WORK REQUEST => Without any of the pictures, set down the data below exactly.

PROVIDED DATA =>
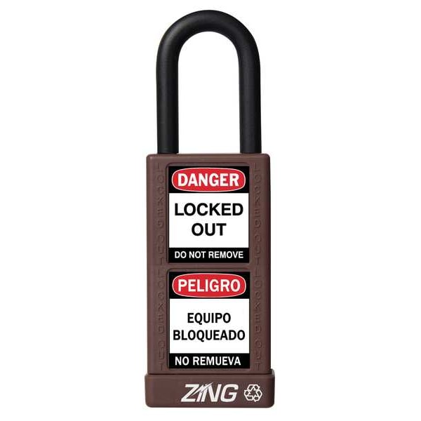 Lockout Padlock, Body Color Brown, Body Height 3 in, Body Material Aluminum, Body Thickness 3/4 in, Body Width 1 1/2 in, Header Danger, Horizontal Shackle Clearance 3/4 in, Key Style Standard, Key Type Keyed Alike, Non-Removable Key Yes, Resistance Properties Corrosion Resistant, Shackle Diameter 1/4 in, Shackle Height 1 1/2 in, Shackle Material Steel, Shackle Type Open, Vertical Shackle Clearance 1 in, Width Across Shackle 11/16 in, Body Material Coating Plastic Encased, Body Shape Rectangular
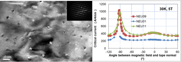 图1 BZO纳米柱c轴方向强钉扎及产生的优异临界电流特性
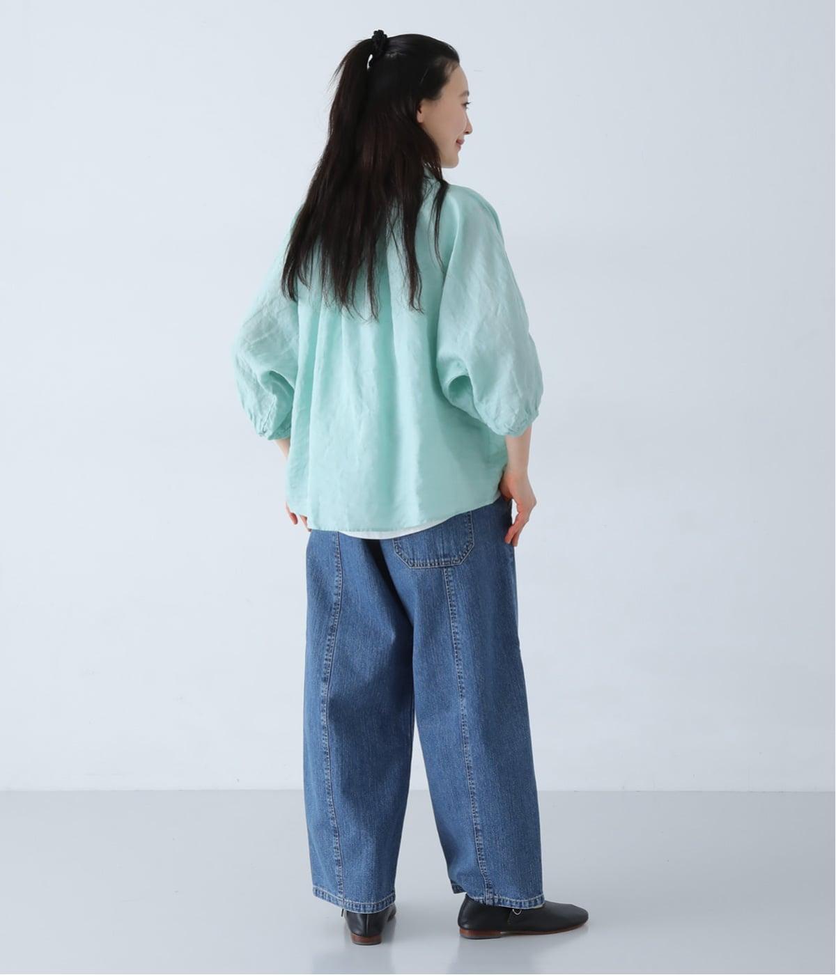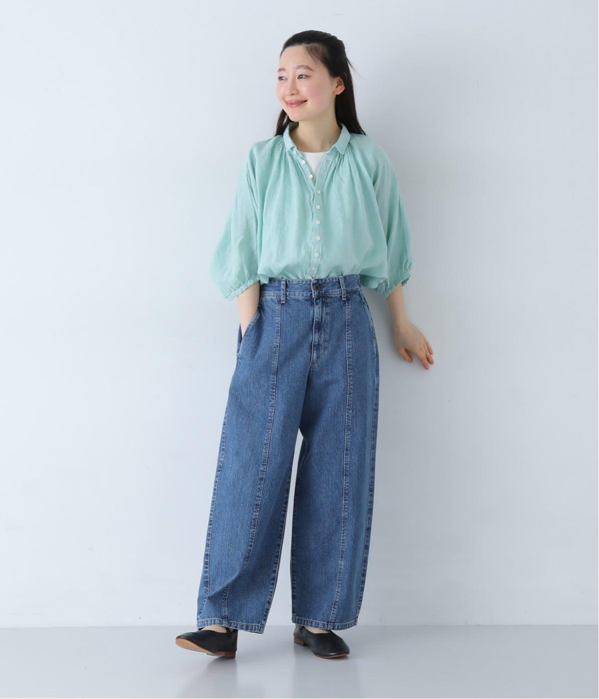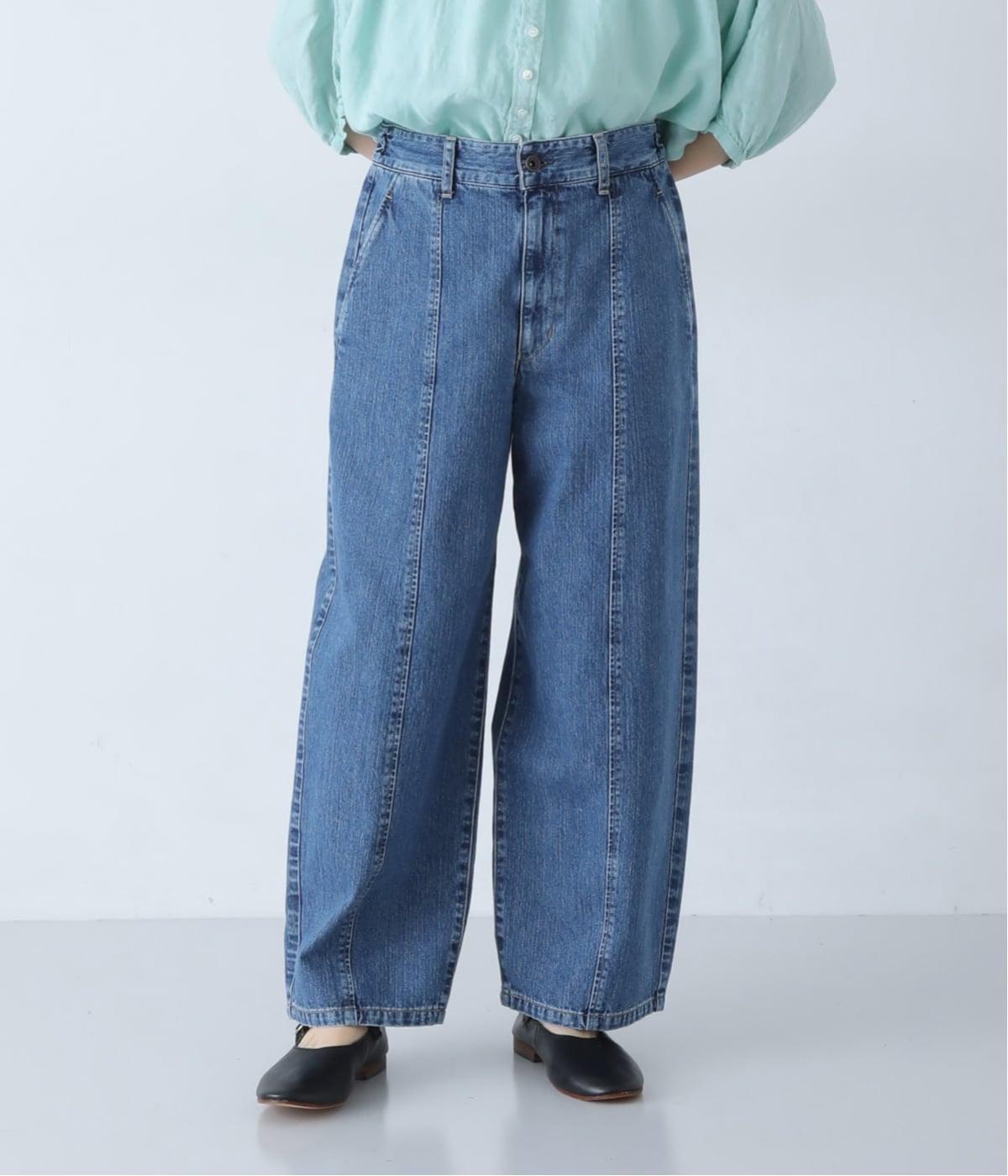ほどよい厚みが魅力の、10ozデニム生地。ムラ糸ならではのナチュラルな表情が、カジュアルさのなかにも奥行きを演出します。ソフト加工を施すことで、しっかりとしたハリを残しつつも、やわらかな質感に。デイリーに取り入れやすい、軽やかな生地感です。
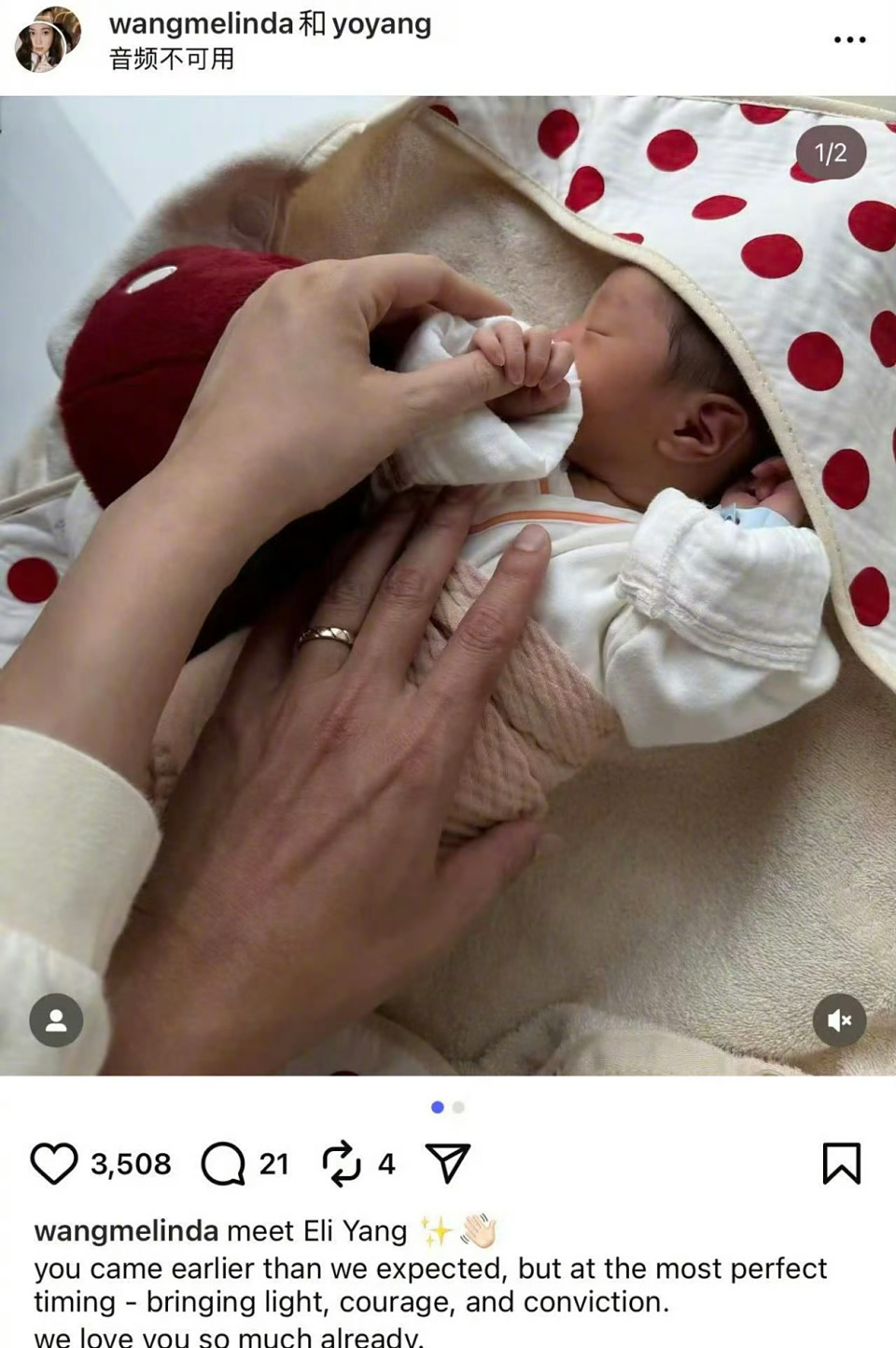 杨祐宁官宣三胎出生,宝宝正面照曝光好可爱,大手拉小手幸福满溢 ...

SOLUTION TO THE EXERCISE =>
 Lockout Padlock, Body Color Brown, Body Height 3 in, Body Material Aluminum, Body Thickness 3/4 in, Body Width 1 1/2 in, Header Danger, Horizontal Shackle Clearance 3/4 in, Key Style Standard, Key Type Keyed Alike, Non-Removable Key Yes, Resistance Properties Corrosion Resistant, Shackle Diameter 1/4 in, Shackle Height 1 1/2 in, Shackle Material Steel, Shackle Type Open, Vertical Shackle Clearance 1 in, Width Across Shackle 11/16 in, Body Material Coating Plastic Encased, Body Shape Rectangular
 图1 BZO纳米柱c轴方向强钉扎及产生的优异临界电流特性
ほどよい厚みが魅力の、10ozデニム生地。ムラ糸ならではのナチュラルな表情が、カジュアルさのなかにも奥行きを演出します。ソフト加工を施すことで、しっかりとしたハリを残しつつも、やわらかな質感に。デイリーに取り入れやすい、軽やかな生地感です。
 杨祐宁官宣三胎出生,宝宝正面照曝光好可爱,大手拉小手幸福满溢 ...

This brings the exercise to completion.